━━ RECORDS SUPPLIED ━━

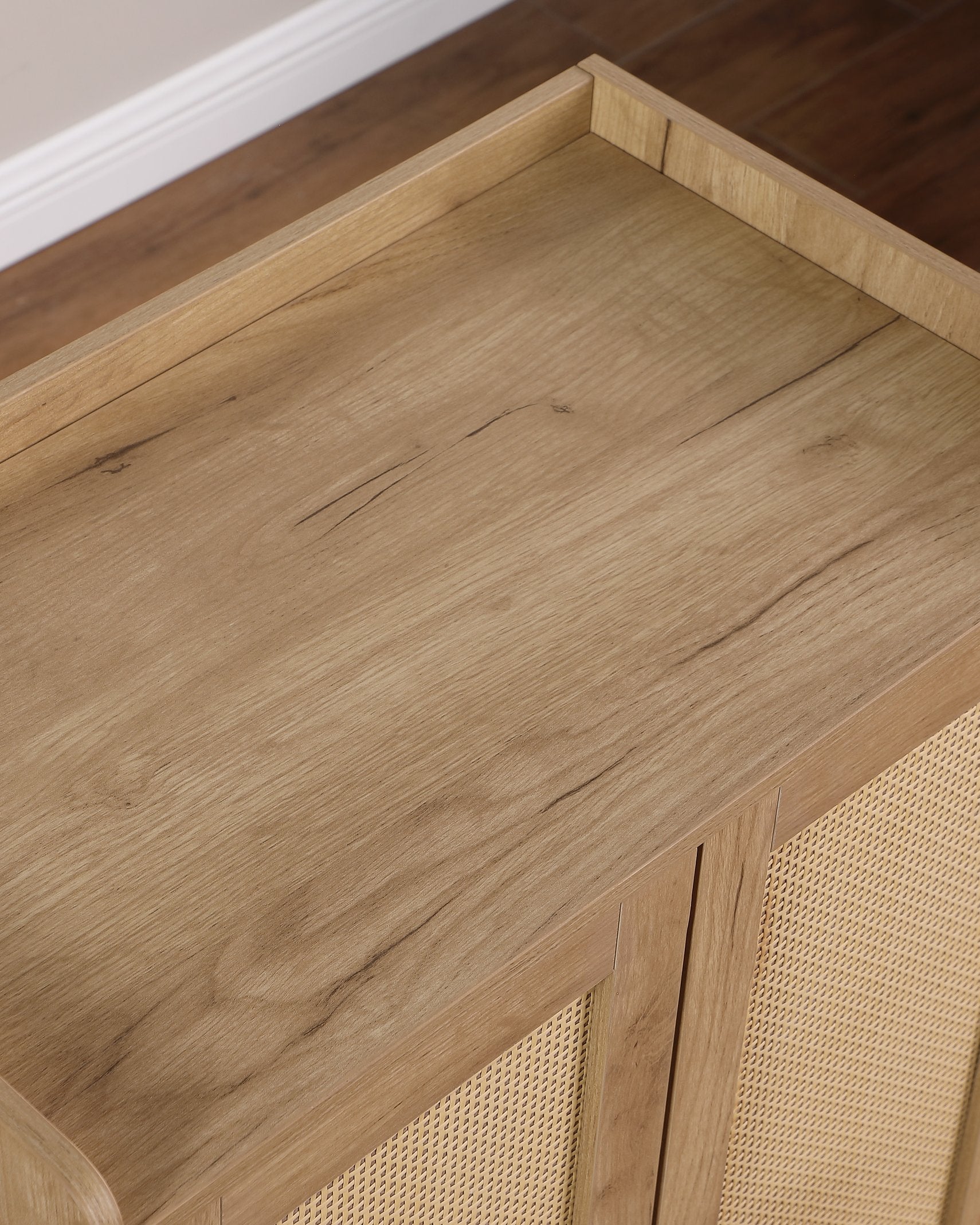 - Charming your entryway or bedroom with the timeless appeal of this shoe cabinet featuring natural rattan doors. The handwoven rattan panels not only add a touch of bohemian and rustic charm but also provide ventilation to keep your shoes fresh. The warm, natural wood finish beautifully complements the rattan, creating a harmonious look that effortlessly enhances any home decor style.
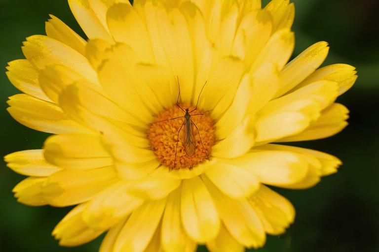 Keywords: flower blossom bloom plant yellow insect macro close summer flower color yellow flower fly
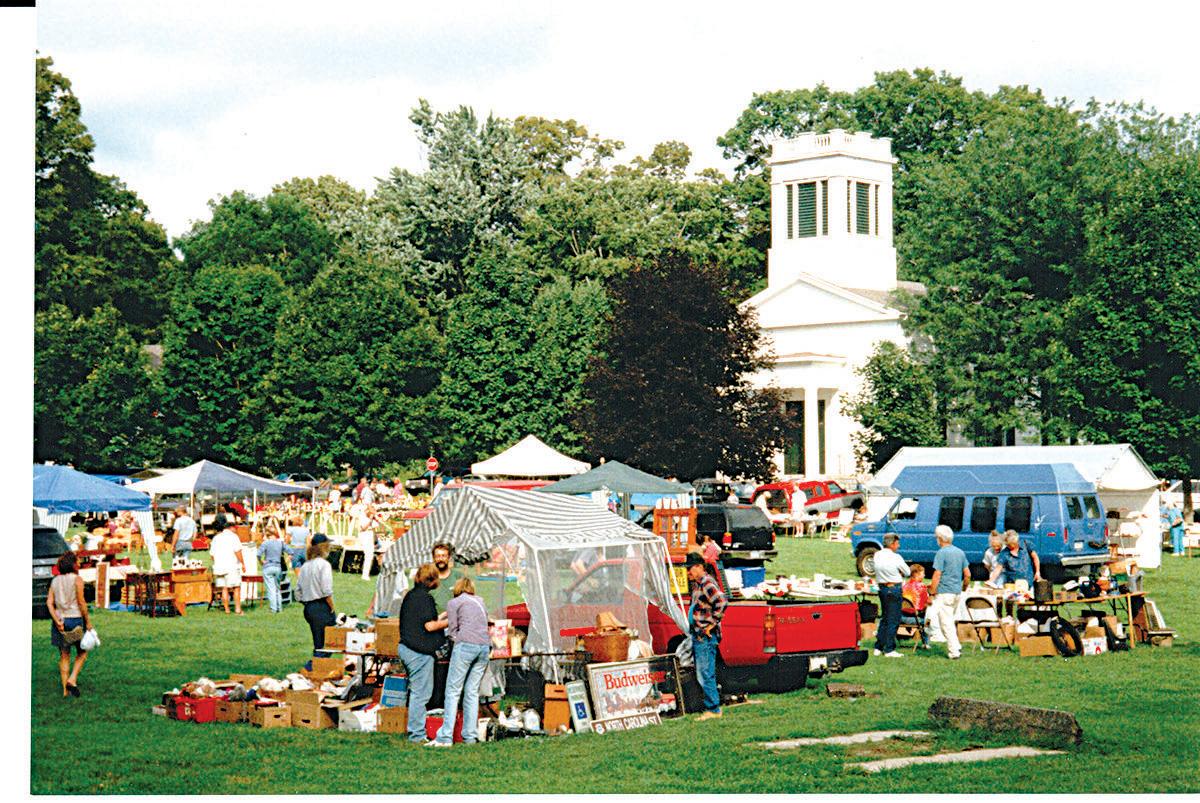 Shoppers browse vendor booths on the green during a previous Flea Market at Deep River Congregational Church. This year’s event will be held Saturday, Aug. 16, from 8 a.m. to 2 p.m. on the church grounds and Marvin Field.
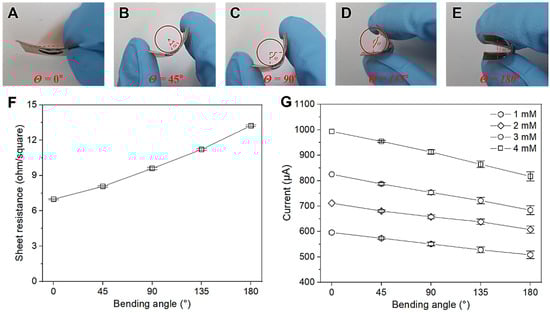 Cu NP/LIGF/LIG electrode-based glucose sensor in bent states with different bending angles (θ) for sheet resistance and CV measurements: (A) 0°, (B) 45°, (C) 90°, (D) 135°, and (E) 180°. In (B–E), the curvature radius is 1 cm. (F) Sheet resistance and (G) CV results of Cu NP/LIGF/LIG-electrode-based glucose sensor at glucose concentrations of 1, 2, 3, and 4 mM for each bending angle.
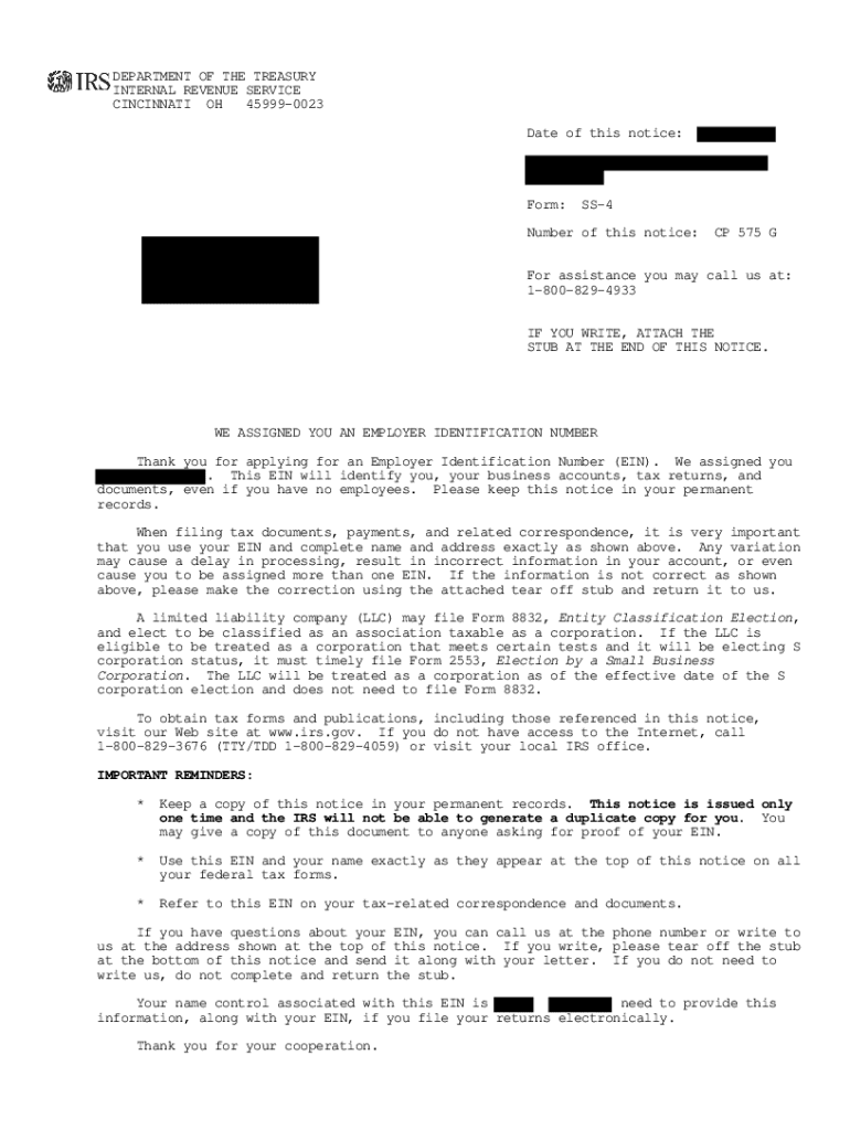 DEPARTMENT OF THE TREASURY INTERNAL REVENUE SERVICE CINCINNATI OH 459990023 Date of this notice:Form:SS4Number of this notice:CP 575 For assistance you may call us at: 18008294933 IF YOU WRITE, ATTACH

━━━

# GOAL OF THE EXERCISE
The data above is to be printed exactly, all of it, except for the pictures.

# PROBLEM SOLUTION
 - Charming your entryway or bedroom with the timeless appeal of this shoe cabinet featuring natural rattan doors. The handwoven rattan panels not only add a touch of bohemian and rustic charm but also provide ventilation to keep your shoes fresh. The warm, natural wood finish beautifully complements the rattan, creating a harmonious look that effortlessly enhances any home decor style.
 Keywords: flower blossom bloom plant yellow insect macro close summer flower color yellow flower fly
 Shoppers browse vendor booths on the green during a previous Flea Market at Deep River Congregational Church. This year’s event will be held Saturday, Aug. 16, from 8 a.m. to 2 p.m. on the church grounds and Marvin Field.
 Cu NP/LIGF/LIG electrode-based glucose sensor in bent states with different bending angles (θ) for sheet resistance and CV measurements: (A) 0°, (B) 45°, (C) 90°, (D) 135°, and (E) 180°. In (B–E), the curvature radius is 1 cm. (F) Sheet resistance and (G) CV results of Cu NP/LIGF/LIG-electrode-based glucose sensor at glucose concentrations of 1, 2, 3, and 4 mM for each bending angle.
 DEPARTMENT OF THE TREASURY INTERNAL REVENUE SERVICE CINCINNATI OH 459990023 Date of this notice:Form:SS4Number of this notice:CP 575 For assistance you may call us at: 18008294933 IF YOU WRITE, ATTACH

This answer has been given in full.